:: Dataset excerpts ::

○ ○ ○ ○ ○

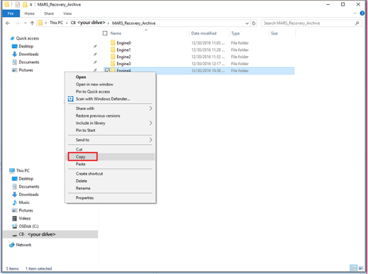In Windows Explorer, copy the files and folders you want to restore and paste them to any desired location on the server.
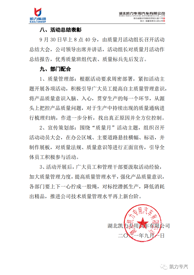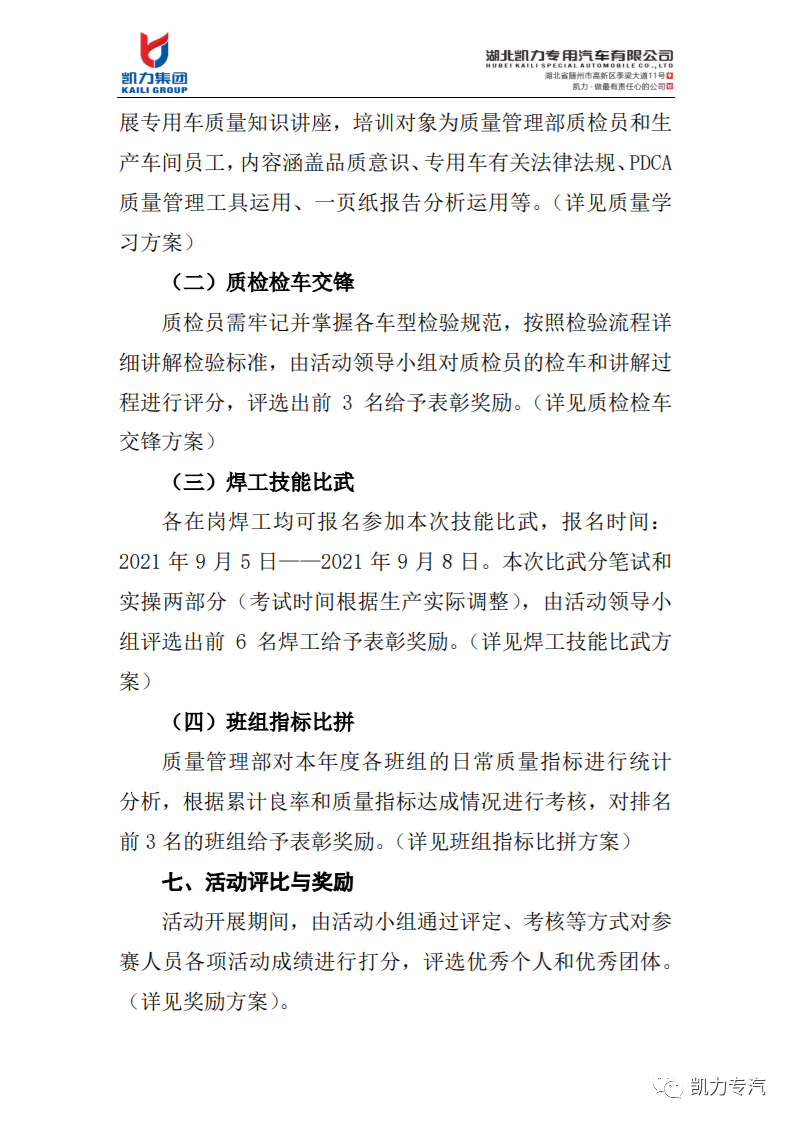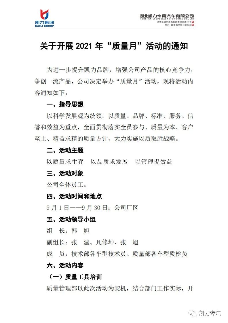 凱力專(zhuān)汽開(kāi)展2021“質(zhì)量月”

○ ○ ○ ○ ○

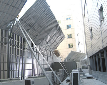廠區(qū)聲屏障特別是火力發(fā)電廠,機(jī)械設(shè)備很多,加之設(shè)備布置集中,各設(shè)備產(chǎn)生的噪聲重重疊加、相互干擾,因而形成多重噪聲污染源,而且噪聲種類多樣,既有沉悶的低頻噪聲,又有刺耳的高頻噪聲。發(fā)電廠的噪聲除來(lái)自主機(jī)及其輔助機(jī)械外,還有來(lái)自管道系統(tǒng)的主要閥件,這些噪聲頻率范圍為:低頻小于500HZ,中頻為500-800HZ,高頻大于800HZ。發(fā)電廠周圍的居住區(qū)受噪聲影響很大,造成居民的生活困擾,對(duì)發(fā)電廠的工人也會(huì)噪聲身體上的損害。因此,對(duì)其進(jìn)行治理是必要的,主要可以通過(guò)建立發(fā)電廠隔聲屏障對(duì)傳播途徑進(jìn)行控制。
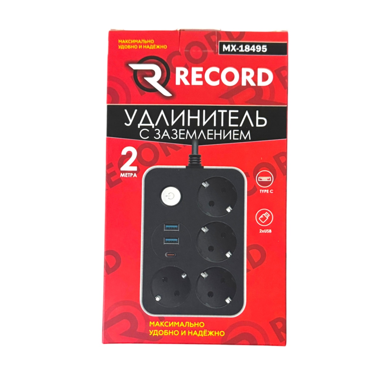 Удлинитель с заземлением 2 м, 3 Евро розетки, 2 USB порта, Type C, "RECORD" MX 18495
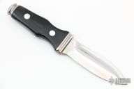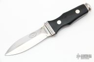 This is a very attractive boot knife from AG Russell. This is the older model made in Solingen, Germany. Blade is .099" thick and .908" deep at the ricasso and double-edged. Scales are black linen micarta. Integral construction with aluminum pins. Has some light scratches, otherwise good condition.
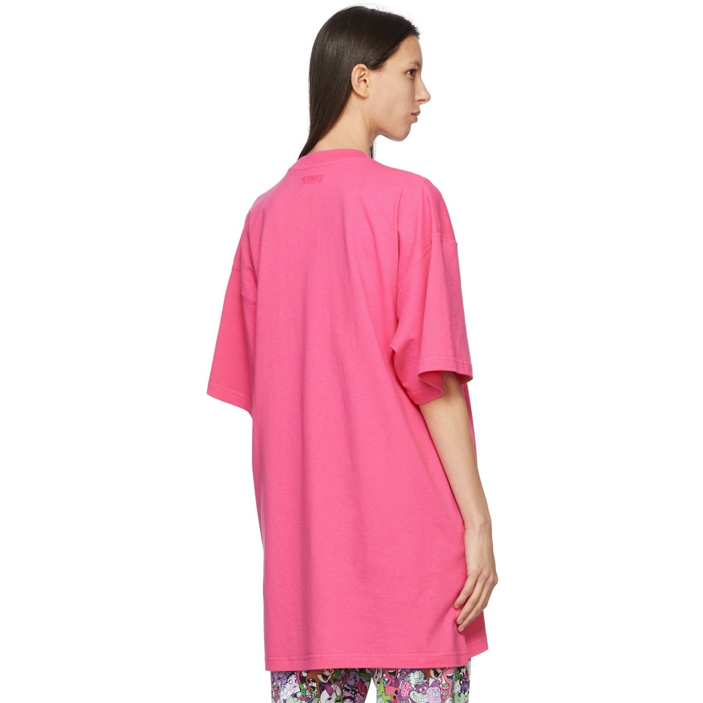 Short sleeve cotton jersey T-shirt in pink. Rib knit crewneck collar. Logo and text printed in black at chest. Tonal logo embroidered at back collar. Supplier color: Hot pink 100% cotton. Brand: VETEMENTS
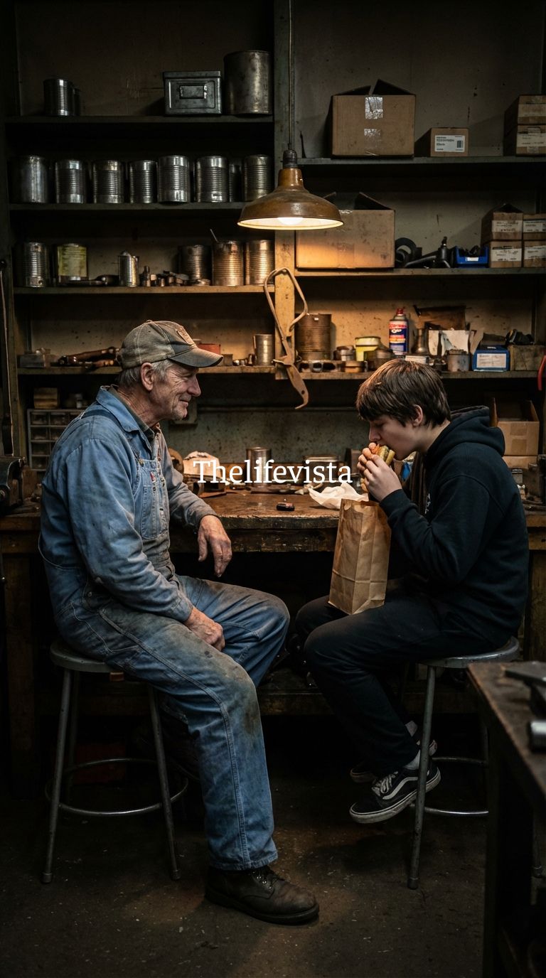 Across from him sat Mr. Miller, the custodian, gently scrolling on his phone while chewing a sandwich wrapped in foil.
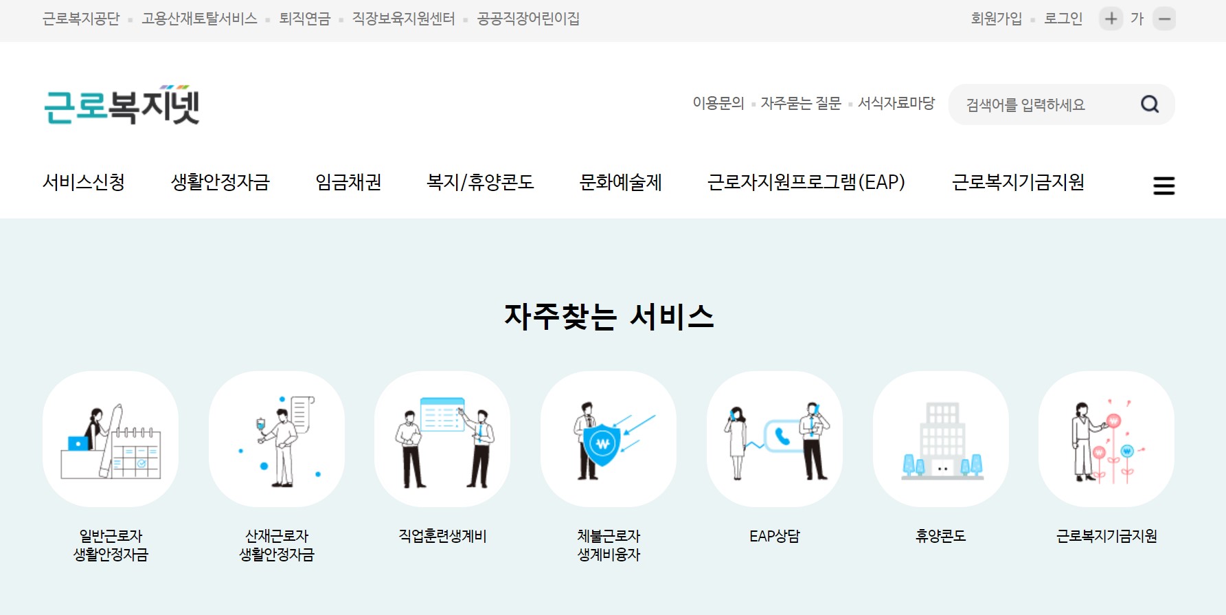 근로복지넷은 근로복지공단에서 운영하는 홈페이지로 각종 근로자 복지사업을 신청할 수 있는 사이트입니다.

○ ○ ○ ○ ○

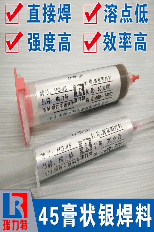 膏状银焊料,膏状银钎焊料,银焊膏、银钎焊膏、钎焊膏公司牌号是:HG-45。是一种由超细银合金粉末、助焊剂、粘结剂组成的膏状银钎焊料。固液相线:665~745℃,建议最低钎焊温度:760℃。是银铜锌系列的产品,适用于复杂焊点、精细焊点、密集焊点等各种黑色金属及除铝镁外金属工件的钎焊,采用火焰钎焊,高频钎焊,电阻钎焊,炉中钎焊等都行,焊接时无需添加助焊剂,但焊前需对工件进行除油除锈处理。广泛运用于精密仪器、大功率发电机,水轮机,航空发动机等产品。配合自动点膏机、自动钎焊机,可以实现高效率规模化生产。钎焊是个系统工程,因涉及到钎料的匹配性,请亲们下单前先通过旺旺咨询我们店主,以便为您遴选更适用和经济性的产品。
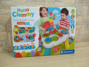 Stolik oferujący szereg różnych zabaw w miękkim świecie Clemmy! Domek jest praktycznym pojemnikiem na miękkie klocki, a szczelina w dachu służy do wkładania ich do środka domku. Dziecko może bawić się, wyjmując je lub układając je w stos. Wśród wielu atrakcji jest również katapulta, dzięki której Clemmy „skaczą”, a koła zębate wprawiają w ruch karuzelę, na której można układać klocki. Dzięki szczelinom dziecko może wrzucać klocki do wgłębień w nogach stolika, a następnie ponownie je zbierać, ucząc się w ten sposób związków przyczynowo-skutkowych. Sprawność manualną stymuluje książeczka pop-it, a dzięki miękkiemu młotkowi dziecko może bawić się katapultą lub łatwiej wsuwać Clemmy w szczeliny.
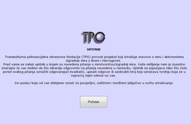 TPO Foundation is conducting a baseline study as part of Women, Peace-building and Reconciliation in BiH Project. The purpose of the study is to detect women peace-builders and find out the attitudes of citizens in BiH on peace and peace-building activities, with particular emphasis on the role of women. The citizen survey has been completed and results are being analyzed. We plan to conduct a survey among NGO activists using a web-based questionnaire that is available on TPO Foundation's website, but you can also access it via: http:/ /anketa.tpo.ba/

○ ○ ○ ○ ○

Skipping every picture, transcribe exactly the lines above from the one containing "Across from him" through the one containing "근로복지넷은 근로복지공단에서 운영하는", both included.

:: Solution below ::
 Across from him sat Mr. Miller, the custodian, gently scrolling on his phone while chewing a sandwich wrapped in foil.
 근로복지넷은 근로복지공단에서 운영하는 홈페이지로 각종 근로자 복지사업을 신청할 수 있는 사이트입니다.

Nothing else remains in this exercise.